Two recent polls have found that the largest share of Americans support fluoridation, but a sizable minority does not. Polls from Axios/Ipsos and AP-NORC found that 48% and 40% of respondents wanted to keep fluoride in public water supplies, while 29% and 26% supported its removal.
Chelsea Fosse, an expert on oral health policy at the American Academy of Pediatric Dentistry, said she worried that misguided fears of fluoride would cause many people to stop using fluoridated toothpaste and varnish just as Medicaid cuts made it harder to see a dentist.
The combination, she said, could be “devastating.”
“It will be visibly apparent what this does to the prevalence of tooth decay,” Fosse said. “If we get rid of water fluoridation, if we make Medicaid cuts, and if we don’t support providers in locating and serving the highest-need populations, I truly don’t know what we will do.”
Multiple peer-reviewed studies have shown what ending water fluoridation could look like. In the past few years, studies of cities in Alaska and Canada have shown that communities that stopped fluoridation saw significant increases in children’s cavities when compared with similar cities that did not. A 2024 study from Israel reported a “two-fold increase” in dental treatments for kids within five years after the country stopped fluoridating in 2014.

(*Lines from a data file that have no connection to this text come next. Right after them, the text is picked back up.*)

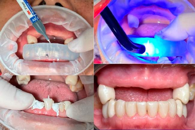 En la segunda fase, se efectuó la confección de carillas de resina inyectada, mediante una llave de silicona que se elaboró el día anterior a la cita, con silicona ligera (Elite Transparent, Zhermack SpA, Badia Polesine, Italy), con la cual se duplicó el encerado. A la llave, se le realizaron orificios por la parte incisal con una fresa de bola número dos, para lograr la entrada y salida de la resina color A2 (3Mtm FiltekTM Supreme Flowable Restorative, 3M, Saint Paul, USA), desde el lado cervical hasta el incisal de la punta, permitiendo la distribución total del material. El procedimiento se ejecutó individualmente en cada diente, aislando con cinta teflón los dientes adyacentes y acondicionando para el proceso de adhesión de cada diente a tratar. En cuanto al contorneado y pulido, se utilizaron lijas interproximales y gomas para pulir, resinas (Tdv Dental Ltda., Pomerode, Brazil), discos (3MTM Sof-LexTM Contouring and Polishing Discs Kit, 3MTM Espe Deutschland GmbH, Germany) y pasta pulidora (UltradentTM Diamond Polish Mint, Ultradent Products Inc., South Jordan, USA) (Figura 3).
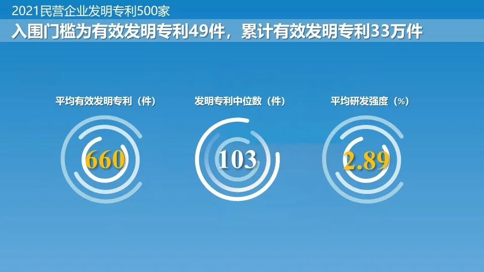 報(bào)告透露,“2021民營(yíng)企業(yè)研發(fā)投入500家榜單”入圍門(mén)檻為上年度研發(fā)投入2.37億元。500家企業(yè)研發(fā)費(fèi)用總額7429億元,其中,研發(fā)投入最高的企業(yè)研發(fā)費(fèi)用1419億元?!?021民營(yíng)企業(yè)發(fā)明專利500家榜單”入圍門(mén)檻為擁有有效發(fā)明專利49件。500家企業(yè)累計(jì)擁有有效發(fā)明專利33萬(wàn)件,其中,有效發(fā)明專利最多的企業(yè)共擁有9萬(wàn)件發(fā)明專利。
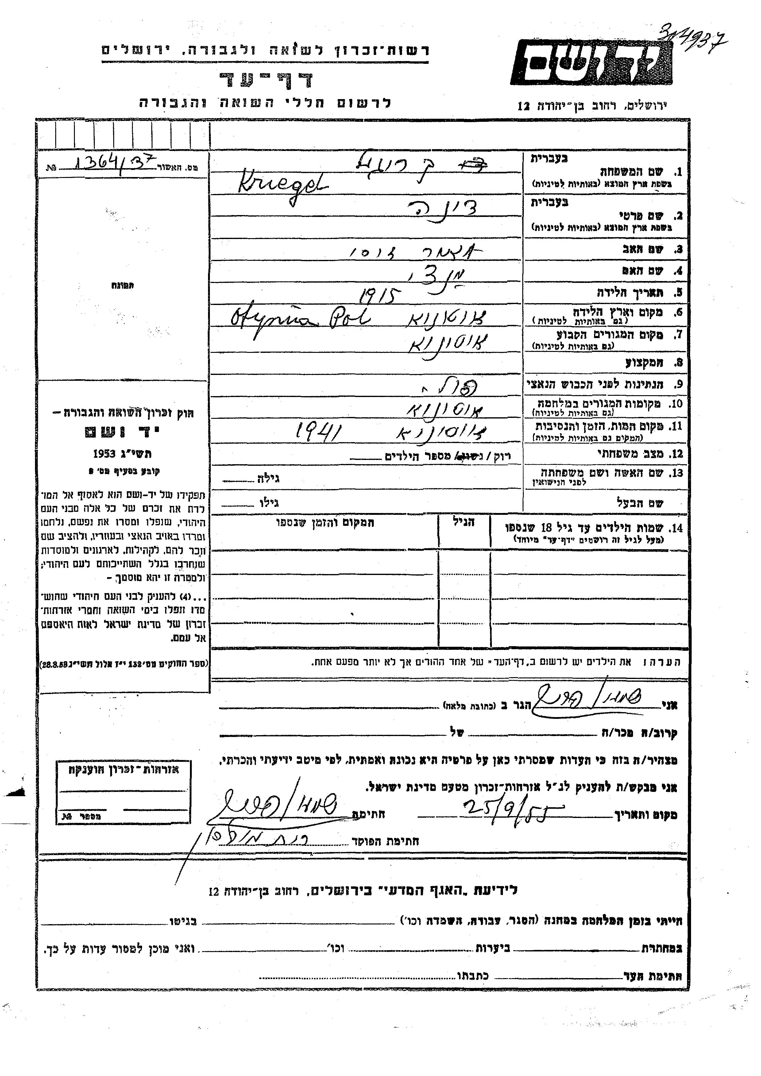 Dina Kriegel wurde im Jahr 1915 in Ottynia, Polen geboren. Sie war die Tochter von Meir Zusi und Mantzi. Sie war Ledig. Vor dem Zweiten Weltkrieg lebte sie in Ottynia, Polen. Während des Krieges war sie in Ottynia, Polen.

Despite the benefits of fluoridation, it has been fiercely opposed by some since its inception, said Catherine Hayes, a Harvard dental expert who advises the American Dental Association on fluoride and has studied its use for three decades.
Fluoridation was initially smeared as a communist plot against America, Hayes said, and then later fears arose of possible links to cancer, which were refuted through extensive scientific research. In the ’80s, hysteria fueled fears of fluoride causing AIDS, which was “ludicrous,” Hayes said.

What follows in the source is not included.